A ONU, entretanto, não classificou oficialmente os estrangeiros incorporados à Legião Internacional ucraniana como mercenários.
A situação depende da forma de recrutamento, do vínculo contratual, da integração às Forças Armadas e das motivações predominantes de cada pessoa.
Brasil não possui crime específico de mercenarismo
O Brasil não aderiu à Convenção Internacional da ONU contra o Recrutamento, Uso, Financiamento e Treinamento de Mercenários.
A legislação brasileira também não possui um tipo penal específico para punir alguém exclusivamente por atuar como mercenário no exterior.
Isso não significa que brasileiros tenham liberdade para praticar qualquer ato durante uma guerra. Crimes comuns, formação de grupos paramilitares, terrorismo e violações do direito humanitário podem gerar responsabilização, dependendo das circunstâncias e da legislação aplicável.
A ausência de uma regra específica, porém, cria dúvidas sobre as consequências jurídicas da participação voluntária em conflitos estrangeiros.
Itamaraty recomenda que brasileiros não participem da guerra
O Ministério das Relações Exteriores voltou a recomendar que cidadãos brasileiros evitem qualquer envolvimento com forças armadas estrangeiras.
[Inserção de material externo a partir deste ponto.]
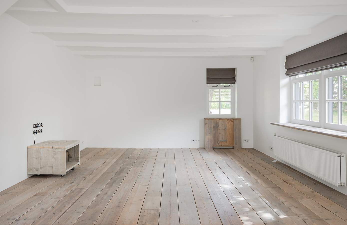 Aan de andere zijde van het gebouw bevindt zich op de begane grond een dubbele garage met roldeur, geschikt voor twee auto’s. Deze ruimte is bij uitstek ideaal voor hobbyisten die graag klussen. De veelzijdigheid, het comfort en de functionaliteit maken het bijgebouw tot een waardevolle aanvulling op de woning.

O Itamaraty alerta que a capacidade de oferecer assistência consular em zonas de guerra é severamente limitada pelas condições de segurança.
Em áreas de combate, diplomatas brasileiros podem não conseguir localizar desaparecidos, retirar cidadãos feridos ou recuperar corpos.
O crescimento do número de mortos e desaparecidos evidencia os riscos enfrentados por brasileiros que viajam para a Ucrânia atraídos por salários, experiência militar, solidariedade ou motivações ideológicas.
Enquanto Kiev intensifica o recrutamento internacional, famílias brasileiras continuam esperando respostas sobre parentes que desapareceram em uma guerra distante e de consequências cada vez mais graves.